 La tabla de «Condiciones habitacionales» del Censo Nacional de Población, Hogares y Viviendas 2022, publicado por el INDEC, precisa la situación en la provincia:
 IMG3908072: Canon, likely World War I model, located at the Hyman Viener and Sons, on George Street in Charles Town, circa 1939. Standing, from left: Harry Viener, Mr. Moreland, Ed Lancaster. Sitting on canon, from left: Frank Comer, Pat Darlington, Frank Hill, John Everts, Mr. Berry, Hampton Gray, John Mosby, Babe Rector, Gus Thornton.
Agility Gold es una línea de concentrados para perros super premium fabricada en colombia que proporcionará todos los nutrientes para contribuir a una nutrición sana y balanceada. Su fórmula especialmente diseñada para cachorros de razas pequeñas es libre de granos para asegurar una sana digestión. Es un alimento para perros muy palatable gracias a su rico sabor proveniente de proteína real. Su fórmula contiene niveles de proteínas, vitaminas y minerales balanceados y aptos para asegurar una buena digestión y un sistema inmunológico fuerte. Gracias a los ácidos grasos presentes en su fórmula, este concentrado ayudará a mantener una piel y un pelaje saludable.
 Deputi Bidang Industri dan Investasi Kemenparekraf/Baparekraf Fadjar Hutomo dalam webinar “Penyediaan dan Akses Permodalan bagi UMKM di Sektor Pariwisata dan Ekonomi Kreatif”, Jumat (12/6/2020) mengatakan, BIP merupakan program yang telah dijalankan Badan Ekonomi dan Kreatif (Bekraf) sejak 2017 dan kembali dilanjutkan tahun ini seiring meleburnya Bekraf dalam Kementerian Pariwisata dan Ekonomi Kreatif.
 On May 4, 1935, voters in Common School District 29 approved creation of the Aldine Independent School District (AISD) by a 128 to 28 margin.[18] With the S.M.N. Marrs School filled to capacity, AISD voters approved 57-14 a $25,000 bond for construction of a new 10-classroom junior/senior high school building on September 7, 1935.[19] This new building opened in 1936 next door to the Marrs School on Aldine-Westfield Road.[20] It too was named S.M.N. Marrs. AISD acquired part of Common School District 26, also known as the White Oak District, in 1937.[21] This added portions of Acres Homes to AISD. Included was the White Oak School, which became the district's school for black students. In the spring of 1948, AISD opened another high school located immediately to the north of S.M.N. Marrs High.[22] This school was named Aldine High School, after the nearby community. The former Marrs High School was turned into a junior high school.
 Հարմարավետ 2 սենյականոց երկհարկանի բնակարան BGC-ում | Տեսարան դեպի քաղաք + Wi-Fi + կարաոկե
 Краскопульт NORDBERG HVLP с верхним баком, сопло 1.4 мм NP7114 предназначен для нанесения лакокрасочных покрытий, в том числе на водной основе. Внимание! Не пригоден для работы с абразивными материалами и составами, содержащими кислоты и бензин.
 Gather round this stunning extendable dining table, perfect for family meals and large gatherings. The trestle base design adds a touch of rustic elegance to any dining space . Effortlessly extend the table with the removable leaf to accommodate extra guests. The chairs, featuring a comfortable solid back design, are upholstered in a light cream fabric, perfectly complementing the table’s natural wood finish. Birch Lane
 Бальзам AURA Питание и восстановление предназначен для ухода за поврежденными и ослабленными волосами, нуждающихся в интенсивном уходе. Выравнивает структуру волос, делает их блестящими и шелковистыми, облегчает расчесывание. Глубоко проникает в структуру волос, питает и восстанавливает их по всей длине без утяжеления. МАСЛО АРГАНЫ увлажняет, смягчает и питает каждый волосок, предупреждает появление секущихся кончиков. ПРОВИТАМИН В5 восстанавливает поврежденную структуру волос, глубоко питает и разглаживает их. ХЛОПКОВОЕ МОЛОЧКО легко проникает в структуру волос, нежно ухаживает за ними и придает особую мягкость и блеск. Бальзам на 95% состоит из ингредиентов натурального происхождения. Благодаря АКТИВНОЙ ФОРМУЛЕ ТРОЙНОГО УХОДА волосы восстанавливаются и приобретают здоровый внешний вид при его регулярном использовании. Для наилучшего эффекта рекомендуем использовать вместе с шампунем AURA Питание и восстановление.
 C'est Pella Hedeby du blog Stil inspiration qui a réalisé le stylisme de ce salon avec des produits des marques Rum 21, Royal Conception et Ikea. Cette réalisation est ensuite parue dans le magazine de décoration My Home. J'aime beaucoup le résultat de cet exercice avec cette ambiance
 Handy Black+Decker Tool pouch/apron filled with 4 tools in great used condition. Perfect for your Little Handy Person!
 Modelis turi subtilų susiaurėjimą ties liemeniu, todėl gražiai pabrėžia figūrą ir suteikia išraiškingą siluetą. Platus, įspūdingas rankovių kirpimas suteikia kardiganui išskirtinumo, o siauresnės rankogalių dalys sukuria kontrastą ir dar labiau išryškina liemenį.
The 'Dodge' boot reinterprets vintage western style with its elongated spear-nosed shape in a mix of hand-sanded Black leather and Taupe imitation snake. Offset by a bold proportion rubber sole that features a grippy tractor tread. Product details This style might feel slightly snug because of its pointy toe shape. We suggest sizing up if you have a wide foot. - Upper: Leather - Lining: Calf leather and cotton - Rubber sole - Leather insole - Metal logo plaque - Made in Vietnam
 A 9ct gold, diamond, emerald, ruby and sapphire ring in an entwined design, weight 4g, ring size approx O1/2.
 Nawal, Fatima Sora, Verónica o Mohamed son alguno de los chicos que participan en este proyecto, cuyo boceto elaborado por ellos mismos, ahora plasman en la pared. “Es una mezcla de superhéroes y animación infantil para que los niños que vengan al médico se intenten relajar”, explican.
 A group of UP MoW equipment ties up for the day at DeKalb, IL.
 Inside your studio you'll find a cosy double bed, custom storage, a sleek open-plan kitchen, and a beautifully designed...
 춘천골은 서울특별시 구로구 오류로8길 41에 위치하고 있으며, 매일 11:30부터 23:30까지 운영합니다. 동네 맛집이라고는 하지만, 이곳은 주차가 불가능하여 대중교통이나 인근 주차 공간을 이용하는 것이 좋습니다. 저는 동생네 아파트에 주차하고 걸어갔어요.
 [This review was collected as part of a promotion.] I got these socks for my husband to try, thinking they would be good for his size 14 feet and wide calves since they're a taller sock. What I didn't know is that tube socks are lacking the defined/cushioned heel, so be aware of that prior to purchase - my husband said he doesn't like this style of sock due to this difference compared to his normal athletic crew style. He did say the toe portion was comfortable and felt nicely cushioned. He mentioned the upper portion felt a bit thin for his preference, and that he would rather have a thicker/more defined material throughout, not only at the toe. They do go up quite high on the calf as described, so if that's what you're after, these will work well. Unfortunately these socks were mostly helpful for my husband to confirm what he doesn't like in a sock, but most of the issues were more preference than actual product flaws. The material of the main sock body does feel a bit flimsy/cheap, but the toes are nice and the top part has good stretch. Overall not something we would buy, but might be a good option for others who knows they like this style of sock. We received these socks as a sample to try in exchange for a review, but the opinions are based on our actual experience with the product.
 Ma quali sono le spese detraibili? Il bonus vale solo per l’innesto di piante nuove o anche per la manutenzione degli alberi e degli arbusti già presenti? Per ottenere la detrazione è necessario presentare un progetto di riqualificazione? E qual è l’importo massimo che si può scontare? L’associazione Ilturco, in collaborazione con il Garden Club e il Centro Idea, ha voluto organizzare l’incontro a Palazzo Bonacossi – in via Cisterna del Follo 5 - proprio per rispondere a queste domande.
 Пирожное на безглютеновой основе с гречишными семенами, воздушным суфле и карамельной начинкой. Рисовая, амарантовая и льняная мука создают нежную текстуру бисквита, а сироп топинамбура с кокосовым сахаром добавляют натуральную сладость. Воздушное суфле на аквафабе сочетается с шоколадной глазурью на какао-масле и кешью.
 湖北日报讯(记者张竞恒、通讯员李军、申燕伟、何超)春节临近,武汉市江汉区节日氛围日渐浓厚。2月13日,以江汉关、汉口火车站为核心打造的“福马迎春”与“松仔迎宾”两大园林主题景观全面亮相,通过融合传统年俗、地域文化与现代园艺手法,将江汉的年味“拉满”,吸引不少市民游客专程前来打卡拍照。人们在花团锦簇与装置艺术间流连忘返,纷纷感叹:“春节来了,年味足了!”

____________

- What is being asked: Return exactly the lines above from the line that has "Հարմարավետ 2 սենյականոց" through the line that has "Gather round this", inclusive, and nothing else.

- The answer:
 Հարմարավետ 2 սենյականոց երկհարկանի բնակարան BGC-ում | Տեսարան դեպի քաղաք + Wi-Fi + կարաոկե
 Краскопульт NORDBERG HVLP с верхним баком, сопло 1.4 мм NP7114 предназначен для нанесения лакокрасочных покрытий, в том числе на водной основе. Внимание! Не пригоден для работы с абразивными материалами и составами, содержащими кислоты и бензин.
 Gather round this stunning extendable dining table, perfect for family meals and large gatherings. The trestle base design adds a touch of rustic elegance to any dining space . Effortlessly extend the table with the removable leaf to accommodate extra guests. The chairs, featuring a comfortable solid back design, are upholstered in a light cream fabric, perfectly complementing the table’s natural wood finish. Birch Lane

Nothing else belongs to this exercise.